For example, I gave my stepdad a lift in to Weston this morning and he spent the whole journey reeling off places I should apply for and careers I should look in to. He even said, “I thought you did English so you could be a teacher, I thought that was your dream.” I don’t think I have ever expressed that. That said, when you study English, plenty of people assume you’ll become a teacher.

Teaching wasn’t my dream at all. English itself was my dream. When I was 17 and applying to university, I loved to read. I had fallen in love with the magic of the written word, with poetry and metaphor and hopeless romance... All I knew for sure is that I wanted to carry on talking about it forever. I didn’t care if it translated in to a career, and between you and me, I still don’t. I’ve had some moments of true passion during the past four years, moments in which words closed my throat, forcing tears from my eyes. I would study ‘pointless’, enchanting, beautiful language and literature all over again given the chance. In fact, I’d fucking LOVE to.


I know he and my mum love me, and I know they want me to do well, but I also know that they measure success in accordance with money. They want me to go and get a ‘good job’ and buy a big house and find a respectable husband and have two kids (one boy one girl) and go on package holidays twice a year.

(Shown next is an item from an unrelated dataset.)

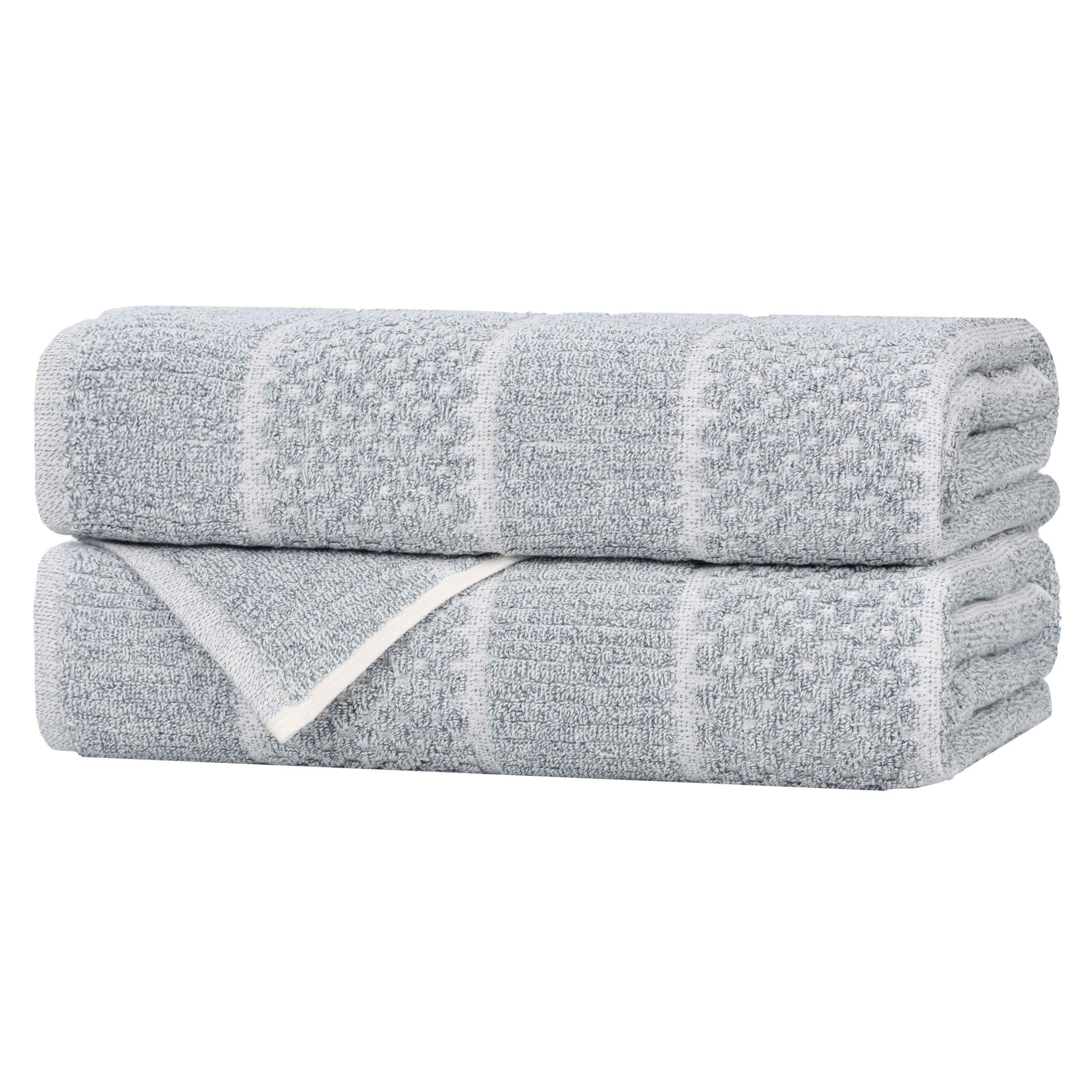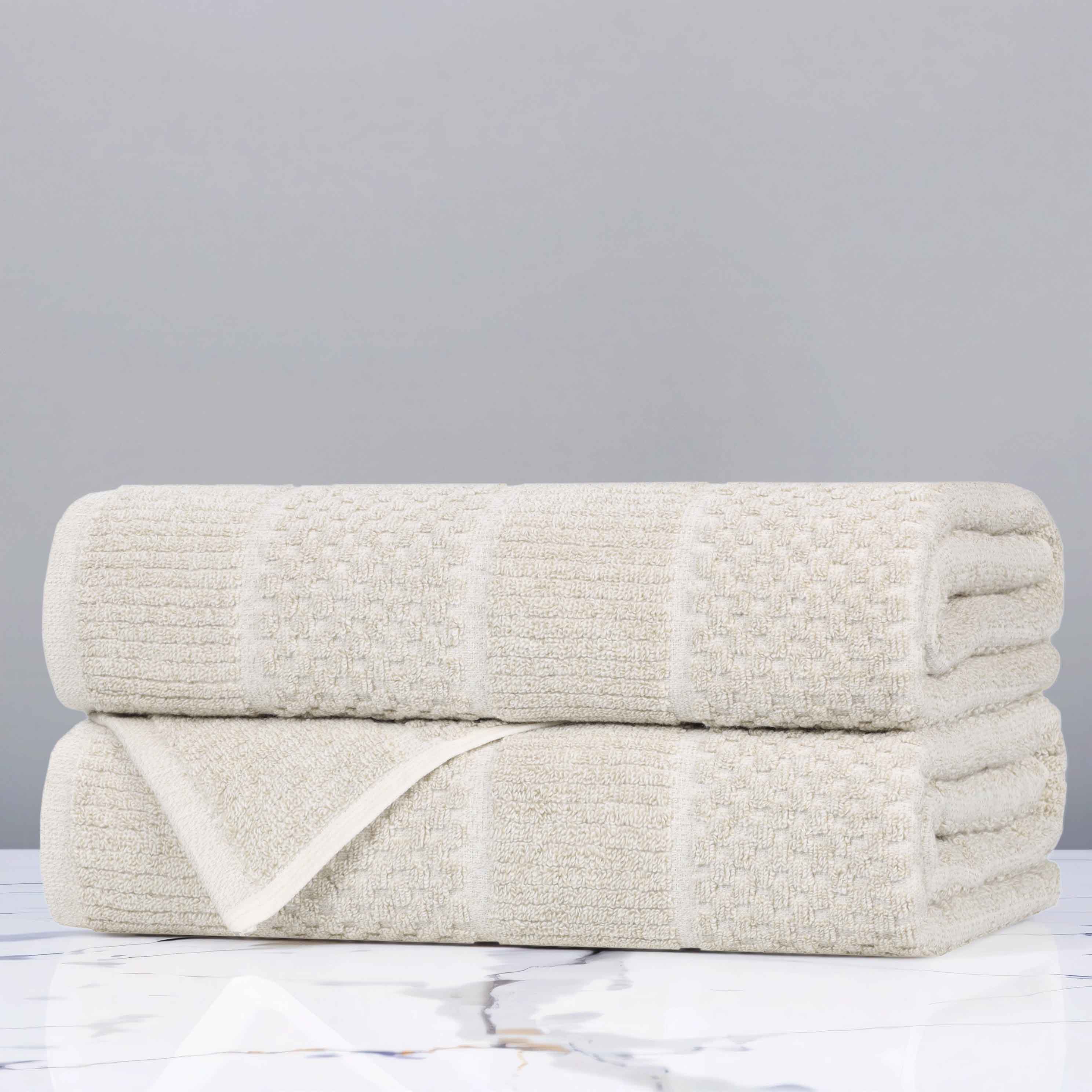 This bath towel set consists of two full – sized towels perfect for personal hygiene. Made from an 80% cotton and 20% viscose blend, they have a plush, terry – cloth – like texture. The towels feature an alternating checkered and ribbed pattern along with a refined white trim, and come in various colors like beige and denim blue.

That’s nice. It could certainly be worse. I just don’t want it. I’m starting to worry now that I’m convincing myself that I want things I don’t really want at all just because that is what they’re telling me I should want. Applying for jobs I know I would find ridiculously unfulfilling. My head’s a mess. I’m tired from working 40 hours a week just to try to accumulate some money and my family’s attitude is making me feel like I might as well be unemployed.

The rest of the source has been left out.